▶ _Your objective_
Make an exact copy of the records below, leaving every image out.

▶ _Data_
#####

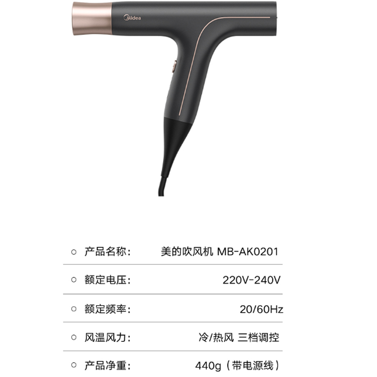 美的(Midea)吹風(fēng)機家用負離子護發(fā)大功率靜音恒溫電吹風(fēng)MB-AK0201
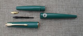 Photo of a pen produced by Parker. Model: Parker 19. Filling system: cartridge filler. In green plastic resin. Golden accent.
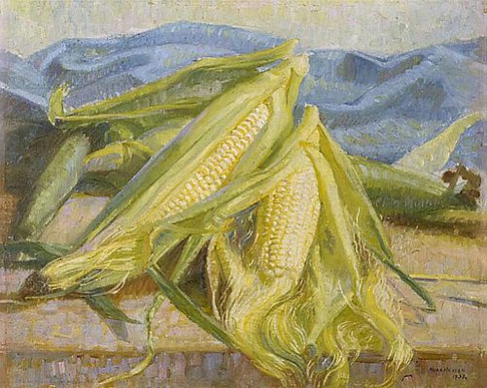 painted Corn cobs the same year she won the prestigous Archibald Prize. As the first woman appointed an official war artist, she travelled to New Guinea in 1943 where she was stationed for three years and completed 170 works depicting the women鈥檚 war effort. Corn cobs demonstrates influences of art, which would have viewed during her European travels, apparent through the thick handling of the paint and short, visible brushstrokes. She particularly admired the art by but it was , the artist featured in my , who informed her earlier still life aesthetic.
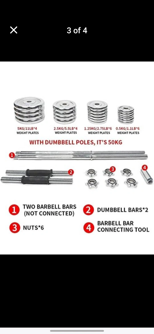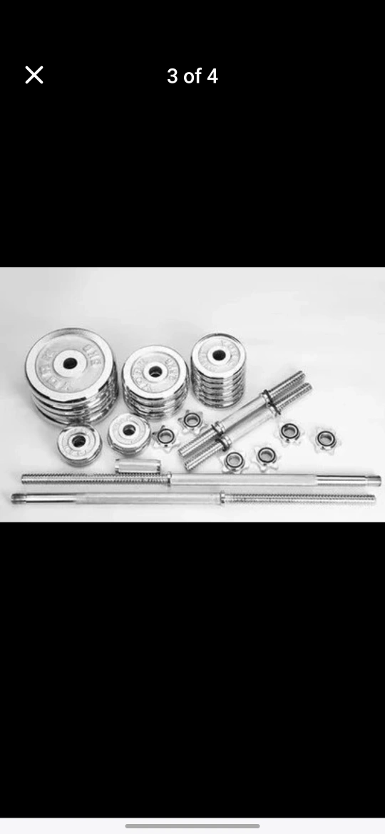 Complete dumbbell set. Includes various weight plates and connecting rods. Convenient carrying case. Great for home workouts.
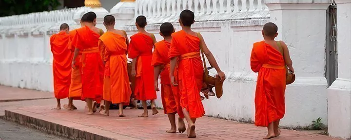 Jeden Morgen findet in den frühen Morgenstunden in Luang Prabang ein ganz besonderes Ereignis statt. Über 300 Mönche prozessieren nämlich still durch die Straßen der Stadt, um Almosen zu sammeln. Alle Familien senden einen Repräsentanten mit Lebensmitteln oder Getränken auf die Straße, die in den Sammelkisten der Mönche verteilt werden. Es ist schwer, sich nicht von der respektvollen Stille und Würde in den Bann ziehen zu lassen, mit der dieses tägliche Ritual stattfindet.

#####

▶ _Reply to the task_
 美的(Midea)吹風(fēng)機家用負離子護發(fā)大功率靜音恒溫電吹風(fēng)MB-AK0201
 Photo of a pen produced by Parker. Model: Parker 19. Filling system: cartridge filler. In green plastic resin. Golden accent.
 painted Corn cobs the same year she won the prestigous Archibald Prize. As the first woman appointed an official war artist, she travelled to New Guinea in 1943 where she was stationed for three years and completed 170 works depicting the women鈥檚 war effort. Corn cobs demonstrates influences of art, which would have viewed during her European travels, apparent through the thick handling of the paint and short, visible brushstrokes. She particularly admired the art by but it was , the artist featured in my , who informed her earlier still life aesthetic.
 Complete dumbbell set. Includes various weight plates and connecting rods. Convenient carrying case. Great for home workouts.
 Jeden Morgen findet in den frühen Morgenstunden in Luang Prabang ein ganz besonderes Ereignis statt. Über 300 Mönche prozessieren nämlich still durch die Straßen der Stadt, um Almosen zu sammeln. Alle Familien senden einen Repräsentanten mit Lebensmitteln oder Getränken auf die Straße, die in den Sammelkisten der Mönche verteilt werden. Es ist schwer, sich nicht von der respektvollen Stille und Würde in den Bann ziehen zu lassen, mit der dieses tägliche Ritual stattfindet.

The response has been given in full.